Octavia se encogió de hombros.
—Me imagino que eran lo bastante buenas para papá y mamá.
«Cuando seguían vivos».
Lars y ella eran los únicos supervivientes de su familia. Todos los colonos habían perdido a algún amigo o pariente. Domesticar un nuevo mundo poco cooperativo era peligroso, raras veces recompensaba el esfuerzo; siempre a punto para la tragedia.

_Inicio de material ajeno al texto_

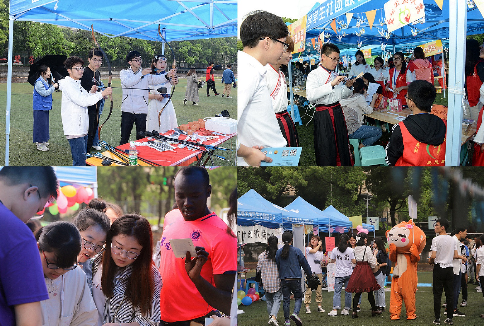80余個(gè)學(xué)生社團(tuán)“八仙過海、各顯神通”,特色展品、互動(dòng)游戲、才藝表演讓人目不暇接,或真摯樸素、或慷慨激昂。書法協(xié)會(huì)力透紙背、筆走龍蛇;魔方協(xié)會(huì)上下翻飛、眼花繚亂;棋藝協(xié)會(huì)飛車走馬、棋逢對(duì)手;射藝協(xié)會(huì)挽弓搭箭、百步穿楊。漢服、茶藝等中華優(yōu)秀傳統(tǒng)文化表演引人駐足觀望,輪滑、滑板等極限運(yùn)動(dòng)展示讓人瞠目結(jié)舌,更有主舞臺(tái)的樂隊(duì)演出將現(xiàn)場(chǎng)活動(dòng)氣氛推向高潮,傾盆大雨和同學(xué)們的熱情碰撞出了浪漫的味道。眾多校友、考生及其家長(zhǎng)也來到活動(dòng)現(xiàn)場(chǎng),校友們重溫社團(tuán)活動(dòng)、喚醒了青春回憶,考生們憧憬大學(xué)生活、明確了升學(xué)目標(biāo)。

Pero la gente de aquí aún perseguía sus sueños. Estos agotados colonos habían abandonado el ceñido cerco de la Confederación por la tierra prometida de Bhekar Ro cuarenta años atrás. Buscaron independencia y un nuevo comienzo, alejados de la confusión y las constantes guerras civiles entre los mundos interiores de la Confederación.

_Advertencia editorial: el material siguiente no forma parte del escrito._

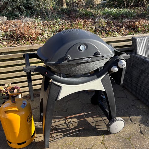 Weber Q gasgrill i sort. Kompakt model med låg og grillrist i støbejern. Grillen har integrerede håndtag i plast og betjeningsknap på fronten. Egnet til udendørs brug på altan, terrasse eller i have. Tilsluttes gasflaske via regulator og slange (ikke synlig på billederne).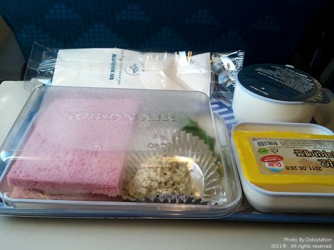 비행기가 안정을 찾자 기내식(이라 말하고 간식이라 칭한다)이 나온다.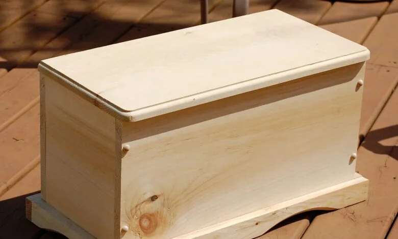 Una caja de madera sobre una cama | Fuente: Midjourney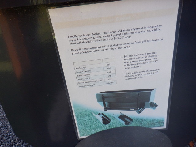 AUGER BUCKET, SKIDSTEER Q/C, 1/2 YARD CAPACITY, MULIT-LINKED 24" & 36" CHUTES

Los colonos originales no quisieron nada más excepto paz y libertad. Habían comenzado de forma algo idealista, estableciendo una ciudad central con recursos para que todos los habitantes los compartieran, denominándola Refugio Libre y dividiendo las tierras de cultivo equitativamente entre los trabajadores más corpulentos. Pero el idealismo se desvaneció a medida que los colonos sobrellevaban nuevas adversidades sobre un planeta que no llegó a cumplir sus expectativas.
Sin embargo, nadie de entre los colonos sugirió regresar… especialmente ni Octavia ni Lars Bren.
Las luces de Refugio Libre centellearon como un cálido paraíso acogedor mientras la robo-cosechadora se aproximaba. En la distancia Octavia ya podía oír la sirena de advertencia próxima a la vieja torreta de misiles en la plaza de la ciudad, avisando a los colonos de que debían encontrar cobijo. Todos ellos, al menos los que aún mantenían el sentido común, ya se habrían refugiado en sus hogares prefabricados para resguardarse de la tormenta.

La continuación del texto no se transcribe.